The two control antibodies at 7 days p.i. (Figures S5 and S6) showed some activity in well perfused tumor regions, little activity in hypoxic CAIX regions, but also significant amounts of radioactivity in tumor regions which were furthest away from the vasculature. The pixel by pixel analysis of the data (Figure S7) showed an inverse relationship between 111In uptake and CAIX immunofluorescence which was the inverse of that seen with the CAIX-specific cG250 (Figure 4D). The correlation between 111In activity and tumor perfusion was comparable to the early cG250 data at 2 and 4 days p.i. (Figure 4B and 4C). because most of the activity was still in the well perfused tumor regions.

Figure 4
Binned pixel by pixel analysis of 111In-DOTA-F(ab')2-cG250 distribution, endogenous CAIX expression and blood perfusion in single HT29 tumor sections.
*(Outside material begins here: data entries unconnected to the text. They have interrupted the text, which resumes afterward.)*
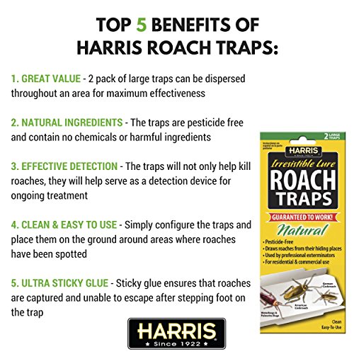 Harris roach traps are specially formulated lures that are irresistible to roaches and other insects. Simply place where insects are seen and throw away the trap after insects are caught. We recommend using these traps in combination with Harris roach tablets or Harris roach killer. A single roach or two is often a sign of an infestation. Attacking the problem using several different methods is the optimal course of action.Feature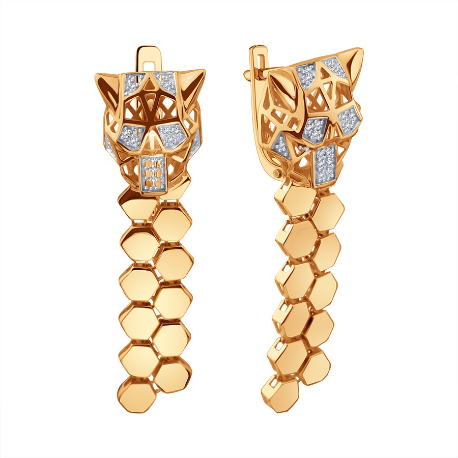Серьги "Пантеры" с бриллиантами из золота 585 пробы арт. Т14102Г597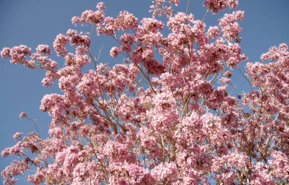 El cielo de San Juan se vistió de rosa, nos referimos a las flores del árbol de Lapacho y la avenida de circunvalación que rodea a la ciudad nos deleita con la floración del Espinillo.

The analysis of the fluorescent images for the tumor sections removed from animal injected with 111In-F(ab')2-cG250 at 6 and 24 hours post injection (Figures S8 and S9) is shown in Figures 4A and 4B. For the 6 hour p.i. image, the distribution of 111In and the correlation with perfusion and endogenous CAIX is similar to that seen with the intact IgG at 2 day p.i.. At 24 hours p.i., the 111In is almost ideally coregistered with the endogenous CAIX and there is almost an inverse correlation with Hoechst staining, except for the highest 111In data points. These data show that the distributions of 111In-F(ab')2-cG250 at 24 hours p.i. is comparable to the intact IgG at 7 days post injection with excellent targeting of CAIX, but some residual activity in well perfused and non-hypoxic areas. These data reflect the fact that the F(ab')2 fragmented antibody clears more rapidly from the blood and can more rapidly diffuse into hypoxic area rich in CAIX than the intact IgG, but at the optimum time the absolute tumor uptake of the F(ab')2 fragment is around 3 times lower and non specific uptake by the liver, spleen and kidneys is considerably higher.
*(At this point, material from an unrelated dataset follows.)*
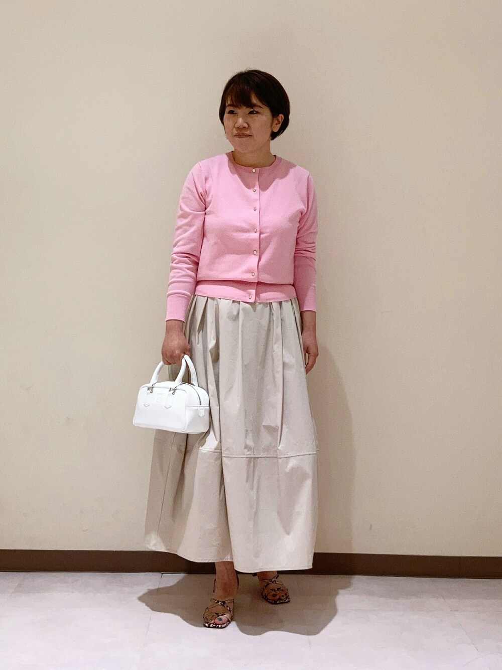 ご覧いただきありがとうございました😊 ピンクのカーディガンは、サッと羽織るのに便利です! 金釦が上品な印象に✨ コクーンシルエットが可愛いスカートは、意外にもボリューム感控えめです☝️

This fast macroscopic blood clearance observed in the biodistribution studies is clearly shown on the microscopic tumor localization of the Fab at 6 (Figure S10) and 24 h p.i. (Figure 5) where there is a diffuse uptake in the central poorly perfused region of the tumor, which has high CAIX expression. The corresponding digital analysis (Figures 6A and 6B) show much more rapid blood clearance and specific uptake in CAIX rich regions. In particular the 24 hour data (Figure 6B) gives a slope of around -1 for the perfusion correlation and +1 for the CAIX correlation. These images, and the digital analysis, clearly show that the Fab fragment is the most rapid and reliable indicator of CAIX expression in hypoxic tumor areas. However this comes at the cost of around a tenfold reduction in the absolute tumor uptake and a tenfold increase in renal retention of radioactivity.

Figure 5
HT29 tumor sections showing blood perfusion, in vivo targeting of CAIX by 111In-DOTA-Fab-cG250 and endogenous CAIX expression at 24 hours pi.
Figure 6
Binned pixel by pixel analysis of single HT29 tumor sections showing the correlation of in vivo targeting of CAIX by 111In-DOTA-Fab-cG250 with endogenous CAIX expression and blood perfusion.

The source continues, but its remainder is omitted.